C.M. scored 23/28 on the critical ToM condition, a performance falling within the range of the controls' scores (22–28, mean = 25.6/28; modified t test: t(4) = −1.03; pone-tailed = .18). In the two control conditions, C.M. correctly chose the logical ending of the story in all trials (see Figure 3). Thus, in comparison with controls, C.M. did not show an impaired ability to infer other people's intentions.

Figure 3. 

C.M.'s performance in the five nonverbal ToM tasks.

Figure 3. 

C.M.'s performance in the five nonverbal ToM tasks.

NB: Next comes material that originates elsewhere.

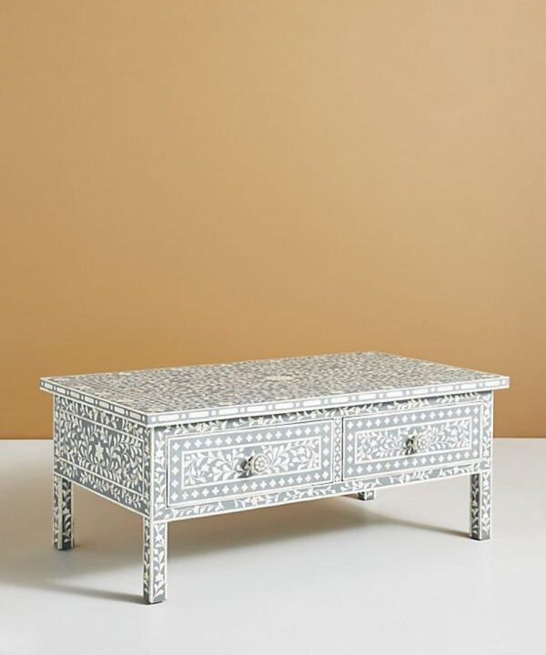 Floral Bone Inlay Coffee Table with 2 Drawers

Attributing Knowledge States to Others

Attributing knowledge states and their negative counterpart, ignorance states, have also been shown to activate the left TP (see Goel, Grafman, Sadato, & Hallett, 1995). Ascribing a knowledge state to somebody else requires understanding the relation between what is known (e.g., a specific object property such as its color or texture) and how knowledge was gained (e.g., through seeing or touching; e.g., O'Neill, Astington, & Flavell, 1992). If the left TP is necessary to understand the relation between a source of knowledge and the resulting knowledge state, we should expect that this understanding would be impaired in C.M.

Method

Two entirely nonverbal tasks were used to assess C.M.'s ability to infer knowledge other people gain from various physical interactions with objects. The first task assessed reasoning about four different knowledge sources (seeing, touching/weighting, tasting, and smelling). It consisted of 24 short nonverbal videos showing three actors each making a different action toward two containers. Participants were presented with a pair of target objects and were asked to choose which actor knew in which of the two containers each target object was located. Crucially, the target objects varied across trials, and each pair of objects differed according to some, but not all, sensory properties (e.g., two different drinks like Coke and Fanta—same quantity—have the same weight but do not taste the same; a big vs. a small quantity of water have an identical taste but a different weight; water vs. white rum have the same visual aspect but do not smell the same; a yellow vs. a pink Post-it have the same weight but a different visual aspect, etc.). On each trial, one actor made a relevant action to locate the target objects (e.g., lifting the two containers to find out which of them contained a stapler and which of them contained a driving license), another actor made a sensorial action that gave access to an irrelevant property of the objects (e.g., smelling the content of the two containers to find out which one contained the stapler and which one contained the driving license), and a third actor made an action which gave no information about the object properties (e.g., blowing on the containers). The order of presentation of the three actions was counterbalanced across trials. The design of the task allowed detecting not only full loss of understanding but also incomplete understanding of how knowledge is acquired. Indeed, if a patient still understands that sensory experiences are necessary to gain sensory information about objects but does not understand anymore which specific knowledge about the objects can be gained from specific sensorial actions toward them, he should avoid choosing the actor who made a nonsensorial action but may sometimes erroneously choose the actor who made an irrelevant sensorial action (for a similar proposal in the developmental literature, see e.g., O'Neill et al., 1992).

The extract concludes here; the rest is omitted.